Uno intuye cuál es su misión, su sueño, su estilo de darse y, de repente, comienza el camino

El camino de Jesús comienza con la invitación a la conversión y con la sanación de enfermedades y dolencias: «Entonces comenzó Jesús a predicar diciendo: – Convertíos, porque está cerca el reino de los cielos. Recorría toda Galilea, enseñando en las sinagogas y proclamando el Evangelio del Reino, curando las enfermedades y dolencias del pueblo». Mateo 4, 12-23.

Cuenta cómo empezó Jesús su vida pública. 30 años sin saber nada, oculto en Nazaret. Siempre es una aventura comenzar a caminar. Sacar por fin todo lo que está en el alma. Uno intuye cuál es su misión, su sueño, su estilo de darse y, de repente, comienza el camino. Comienza a desplegar hacia fuera lo que hasta ahora sólo estaba en su corazón.

Jesús tendría, como todos cuando empezamos algo, mucha ilusión de darse, de realizar la misión para la que había venido al mundo. También tendría la incertidumbre. No sabía cómo iba a ser, qué pasaría. Comenzó profundamente atado al Padre.

En pocas líneas, sin muchos detalles, el Evangelio nos cuenta dónde vivía Jesús, lo que hacía durante el día y cómo llamó a algunos a seguirle. Son sus comienzos. Lo cuenta muy sencillamente, como para situarnos. Recorría Galilea. Dejó Nazaret y se fue a la ciudad más cercana, a la orilla del lago Tiberíades.

Para Él sería muy familiar el paisaje de las barcas y la pesca, el lago y los pescadores. Era lo más cotidiano. Se trataba de su lugar para rezar, la montaña, el lago.

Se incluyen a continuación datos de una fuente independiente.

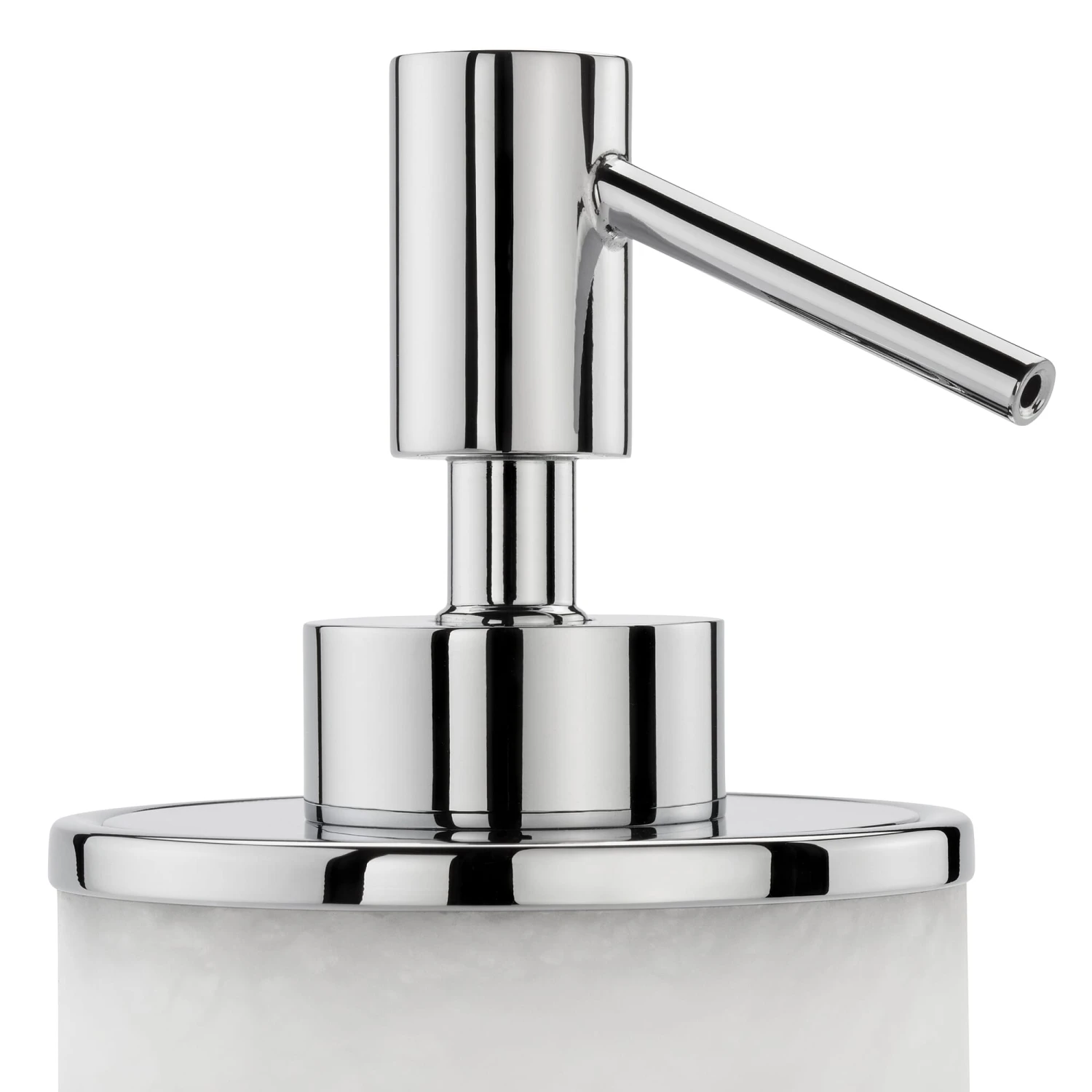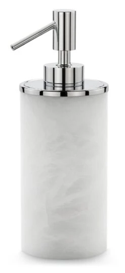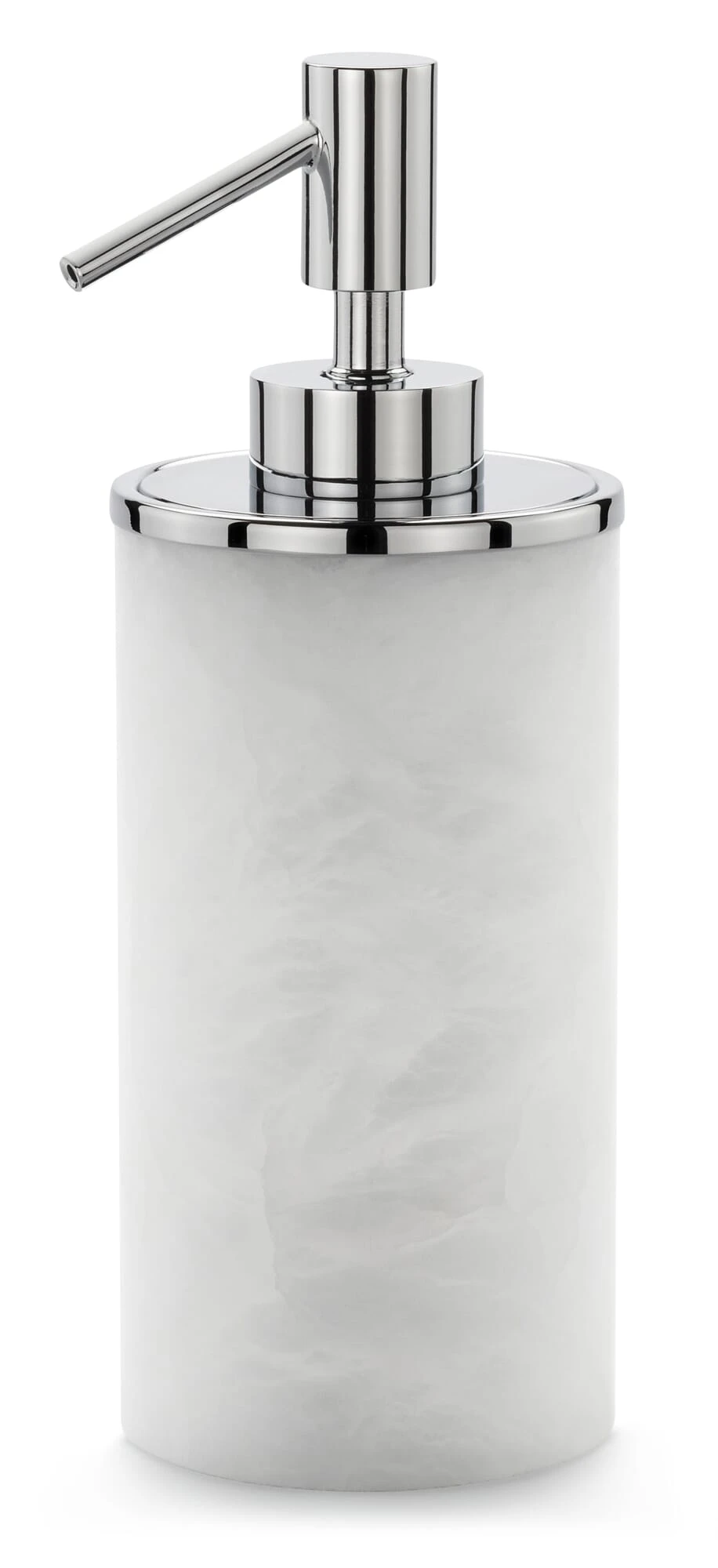 Zeepdispenser in albast en verchroomd messing. Deksel verchroomd messing. Zeeptank van geperst glas. Zuigslang en voeten in plastic. Gemaakt in Spanje. Schoonmaken met een vochtige doek, geen schurende, zure, blekende of chemische schoonmaakmiddelen gebruiken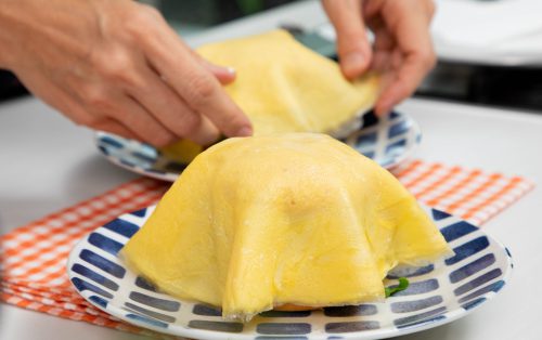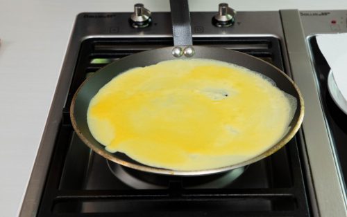 1.ตีไข่ไก่กับนมและเกลือ กรองให้เนียน แบ่งเป็นสองส่วน ตั้งกระทะ non-stick ใช้ไฟอ่อน เทส่วนผสมไข่ลงไป กรอกให้ทั่ว พอเริ่มเซตตัวกลับด้านให้สุกดี พักไว้คลุมด้วยผ้า ทำซ้ำอีกแผ่น

Es bonito saber dónde vivía y dónde comenzó a dar sus primeros pasos. Jesús quería estar en la vida, en medio de los hombres. Dejó su lugar de infancia y comenzó en un nuevo lugar. María lo seguiría de cerca.

Jesús pasa en medio de los hombres, en medio de la cotidianeidad de su vida, en el trabajo, en sus problemas. Pasa predicando, curando, haciendo el bien. Con Él comienza el Reino de Dios entre los hombres. Y el signo visible para reconocer su presencia es la curación de enfermedades y dolencias.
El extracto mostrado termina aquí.